It has been produced by Emma Goude, with animation by Emilio Mula, photography by Beccy Strong and with stunning original music by Rebecca Mayes. They have drawn together stories from around the world showing Transition initiatives at the various stages of transitioning their communities. In order to be able to feature some of the stories from overseas, they ran a crowd-funding process which raised the money required. An international team of volunteers have translated the film in 18 languages.
Also, in spite of telling stories from around the world, no-one set foot on an aeroplane in order to make this film, local camera-people being enlisted to film each non-UK sequence, making this one of the lowest-carbon international films ever produced.
Who’s in it?
The film captures stories of Transition from around the world. You’ll hear about Transition Wayland in the US, and their very first meeting, how Transition Moss Side in Manchester have sought to raise awareness and engage the community by knocking on the area’s front doors, the amazing community visioning work of Aldeia das Amoreiras Sustentável (sustainable village of Amoreiras) in Portugal, how the Whitney Avenue Urban Farm in Pittsburgh has had a remarkable impact on the people around them, how Transition Kensal to Kilburn have set up the first food garden on a London underground station and how Transition Town Tooting‘s Trashcatchers’ Carnival, London was a remarkable and very memorable celebration of community and of taking care of the Earth.
You’ll hear about the difficulties of doing Transition too, with the story of how Transition City Lancaster initially fell apart due to conflict but has since risen from the ashes and is now busy with a range of projects, and how Transition groups in London come together to support each other so as to minimise burnout. You’ll hear the story of Transition Monteveglio in Bologna, Italy and their very successful collaboration with the local council and a ground-breaking resolution, committing the council to deep sustainability and resilience-building. There’s Transition Streets from Totnes in Devon which works street-by-street, getting people together to meet, form new connections, and reduce their carbon footprints.
And then there are the emerging social enterprises, The Green Valley Grocer in Slaithwaite, Yorkshire which raised shares from the community to take over the local grocers which was closing down, The Handmade Bakery, also in Slaithwaite, a really innovative model for how a young couple can set up a vibrant new business. They also make exquisite bread.

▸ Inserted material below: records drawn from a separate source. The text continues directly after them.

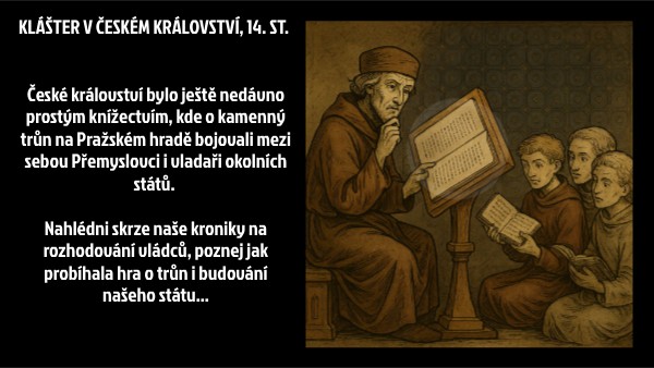 České království bylo ještě nedávno prostým knížectvím, kde o kamenný trůn na Pražském hradě bojovali mezi sebou Přemyslovci i vladaři okolních států. Nahlédni skrze naše kroniky na rozhodování vládců, poznej jak probíhala hra o trůn i budování našeho státu...
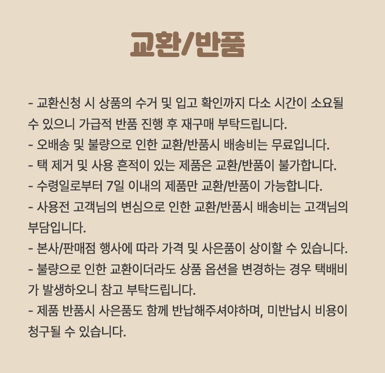 반품 유의사항
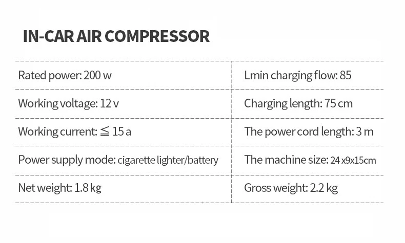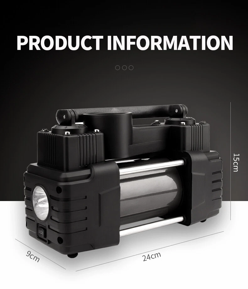 Store Home New Arrival Ending Soon Add to Favourites View Feedback Contact us Store Categories Suspension Kit Engine Mount Kit Air Intake Kit Cooling System Kit Flex Disc Kit General Goods Other Why Buy From us Car Air Tire Pump Inflator Compressor Digital Electric Auto Portable 100PSI 12V Items Description Portable Electric Digital display Air Compressor Pump,Heavy Duty Double Cylinder Tire Inflator with Gauge and Universal for Car Truck Bicycle Basketballs Other Inflatables, ABS 12V 300W 100PSI Description: 1. EMERGENCY TIRE PUMP: This quality portable car compressor makes inflating your tires fast and easy. Bimetal piston shaft, stainless steel shrapnel gas valve, self penetration solid lubricant. Only takes 2-4 mins to reach the normal tire pressure, giving full play to the characteristics of high-speed, large-capacity, powerful performance. 2. ALL PURPOSE NOZZLES & ATTACHMENTS: Inflate anything with a tire nozzle, extension nozzle and pin needle. From air mattresses, balls, beach toys, to all kinds of tires: bike, stroller, car wheels, SUVs, trucks, vans, RVs, crossovers, MPVs, campers, trailers, minivans, to cars, motorcycles, golf carts, bicycles and so on. 3. PACKAGE INCLUDING: A Heavy Duty Double Cylinder Tire Inflator Pump with Pressure Gauge, Power Cord With Battery Clamps, 3m Air Hose, Inflatable Adapters and LED work light for pumping at night or in dark areas, and a handy carrying bag. Feature: Item:Portable Tire Inflator Air Pump Material: Metal+ Plastic Color: Black & Silver Size(L*W*H): 24.5x9x14.5cm/ 9.65x3.54x5.71" Voltage: DC 12V-13.8V Max.Amperage: 23Amp Fiow rate@OPSI(13.8 Volts): 1.94CFM Max.Duty Cycle(@23 C & 150PSI): 20% Air Pressure:100 Psi Air flow: 85L/min Current: 20A Working Temp:-55℃ to 60 ℃ Continuity Working Period:30mins /40PSI /24℃ Certification:CE Certification Tire Inflator with Gauge and LED Flashlight Packaged included: 1x Tire Inflator Pump 1x 3m Air Hose 1x Coiled Hose 1x Battery Clamps pair 3x Nozzle Adaptors 1x Black Carry Bag 1x Use Manuel Notes: 1.The normal tire can reach 2.5KG normal tire pressure in about 2-4 minutes when it is inflated. Big tires will take longer. At the beginning of inflation, the indicator rises to 50-100PSI rapidly, which means that the air has not filled the tire, must stop working, re-operation, otherwise, the instrument and motor will be damaged. 2. In order to extend the life of the Tire Inflator, please do not continue to work for more than 20 minutes, avoid damage to the fuse in the cigarette lighter due to excessive temperature. Our recommendation is to cool for 5-10 minutes after 20 minutes of work and continue working. Specifications Delivery Details Payment Rerurn Policy Specifications Aftermarket product with premium quality Quality tested to ensure easy installation, optimal performance, and enhanced durability Built to meet or exceed your vehicles requirements for fitment, structural configuration, strength, and torque 100% new components and manufactured from high quality, durable material for extended life Delivery Details Item Location:KY & CA We've got several warehouses both in EAST and WEST USA. We arrange your orders firstly according to your shipping address, then to our inventories in the closer warehouse. Monday-Friday(excluding weekend and holidays)tracking number will be provided once items are shipped. Normally the package will be delivered within 3-5 business days. If don't receive your item within 10 days, pls contact us immediately, we will do our best to press the shipment company to send it fast. Payment Please use the eBay checkout system when paying for your order. Immediate payment is required for all orders. Rerurn Policy Customer must contact us within 30 days of receiving shipment for approval of any return or exchange. Returns or exchanges will be subject to a 15% restocking fee of the original item purchased, plus cost of replacement shipping. Exchanges due to shipping errors by us will not be subject to a restocking fee or shipping charges. Please BE AWARE that the vehicle compatible chart on eBay is not 100% accurate, but the OE# provided in our listing is correct, If you already have OE number of the parts you are looking for, then you can just searching by OE #. If in doubt, please send us your VIN, that's the BEST way to check if this is the RIGHT FITMENT. Copyright © 2022, kpl-automobile All Rights Reserved

There’s The Fujino Power Company, Japan, where, following the devastating tsunami and the Fukushima nuclear disaster, members of Transition Fujino responded by setting up a community energy company, with the intention of powering their whole valley using renewable energy. There’s The Lewes community solar power station, in Sussex which was funded by over £300,000 raised in community shares, and the Brixton Pound in London, the local complementary currency which can be spent in the area of Brixton in London with local traders – “money that sticks to Brixton”. We join them on the night they celebrate launching the UK’s first mobile phone-based complimentary currency.
We visit Heal the Soil CSA in Auroville, India, who help people start up small vegetable gardens in the rural villages of India, providing seeds and permaculture training in order to help them get started growing food, and Project Lyttleton in New Zealand, who employ Transition as one of the tools for their work building community resilience. When the recent earthquakes struck Lyttleton, the value of their work, especially its Time Bank, became apparent.

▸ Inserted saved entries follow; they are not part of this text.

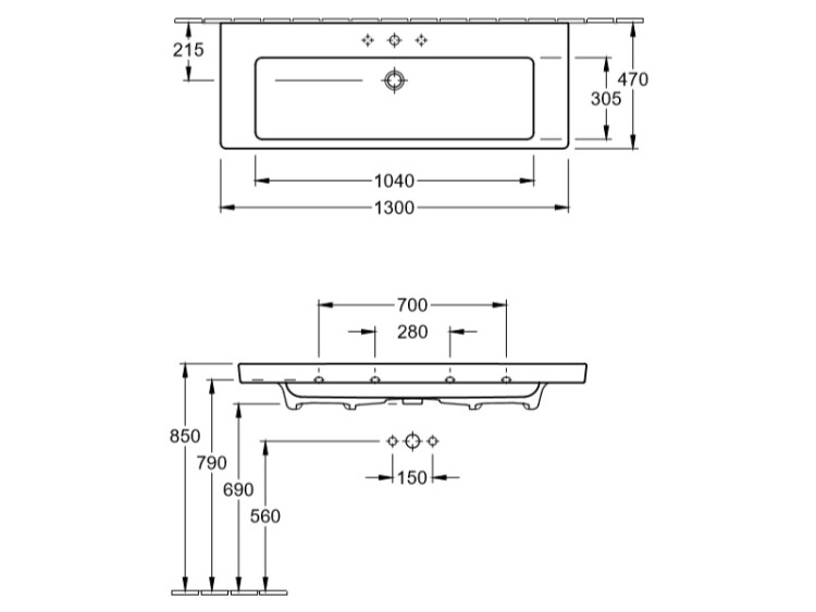 Раковина, Villeroy&Boch, Subway 2.0, ширина, мм-1300, глубина, мм-470, тип установки-на тумбу, отверстия для смесителя-1 сквозное, 2 промаркированных, перелив-есть, тип перелива-открытый, материал-санфарфор, вид грязеотталкивающего покрытия-CeramicPlus, цвет-альпийский белый Раковина, Villeroy&Boch, Subway 2.0, шг 1300*470, отверстия для смесителя-1 сквозное, 2 промаркированных, CeramicPlus, цвет-альпийский белый
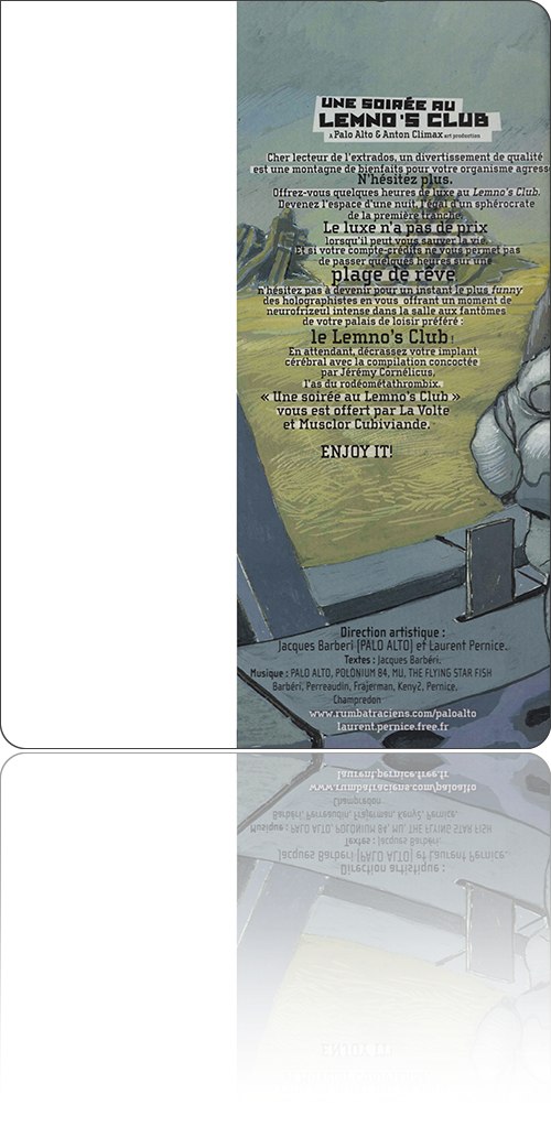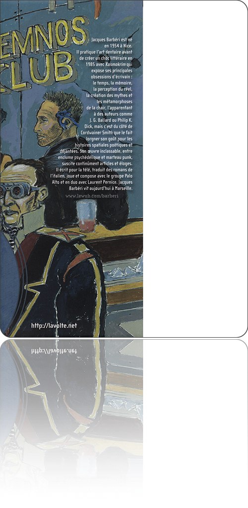Conception graphique de Stéphanie Aparicio. Comporte une nouvelle version du roman et une bibliographie. Pour être complet, ce livre doit être accompagné sous le deuxième rabat du disque compact musical de la “bande originale du livre” : une Soirée au ‘Lemno's Club’. Le service de presse était lui-même accompagné d'un prière d'insérer.
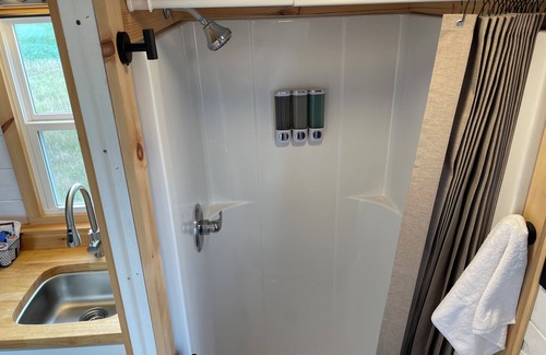 Enjoy a rare and memorable experience in this spacious Tiny House and immerse yourself in the unique charm of rural Kansas, picturesque farmland & open skies - perfect for stargazing. This tiny space features self checkin, a Full bunk bed, loft with a king-sized bed, Wi-Fi & kitchenette with medium sized fridge, microwave/convection, induction stovetop & coffee maker. Basic dishes & cooking supplies provided. Full bathroom comes stocked with towels, shampoo, conditioner & body wash.

In early February, each of the initiatives whose stories are told in the film have been invited to host a preview. Most of those will be on the evening of February 2nd, and following the screenings, director Emma Goude and Transition Network’s Rob Hopkins will host an online Q&A session which each screening will be able to contribute questions to via Twitter and which they will be able to screen. Screenings are still being added, but those confirmed so far are:
- Totnes. The Barn Cinema, Dartington. February 2nd, 8pm. Tickets available here.
- Koganei, Japan. Transition Japan and Transition Town Koganei in Japan will be hosting a screening on February 2nd at 8pm at the Maron Hall in Koganei (30 minutes west of central Tokyo).
Further preview screenings will be announced via Twitter (@intransitionmov) and on the film’s forthcoming website. We have invited each project to organise a screening which tells a story, stories which we hope some of them will subsequently tell as part of Transition Network’s Social Reporters project.
The premiere of ‘In Transition 2.0′ will be at a high profile event in late March which is still under wraps but which will announced as soon as we can.
Unlike ‘In Transition 1.0′, the DVD of the film will be released around the time of the premiere. This time it will be a single disc DVD, beautifully packaged, and Transition initiatives will be able to buy discounted copies in bulk to sell at their screenings and other events. The DVD will also be available to buy singly on the film’s website. It will feature the following subtitles, all of which have been done by volunteers in their respective countries: Albanian, Basque, Croatian, Dutch/Nederlands, Finnish, French, German, Greek, Hebrew, Hungarian, Italian, Japanese, Portuguese, Romanian, Serbian, Spanish, Swedish, Turkish.
Following the premiere, the film will be available for screening by organisations, community groups, Transition initiatives, cinemas and businesses. There will be a sliding scale for screening licences which we hope will make screenings possible for everyone. More information on this will follow.
We hope Transition groups will use the film as the centrepiece of inspiring events, and that they will also be able to generate some income through sales of the DVD, which will also be a great resource for giving to local politicians, schools and so on. This film is a rich celebration of the work of Transition initiatives around the world, make your screening a celebration of what your Transition group has achieved so far! The new website (coming soon) will also have space for you to tell the stories of your screenings. After the premiere, it’s over to you, make it yours, spread it far, deep and wide!
To keep up to date with screenings, news, stories and information, follow the film on Twitter @intransitionmov and very soon a dedicated website, www.intransitionmovie.com will be launched, for now there is a holding page. The film is around 68 minutes long.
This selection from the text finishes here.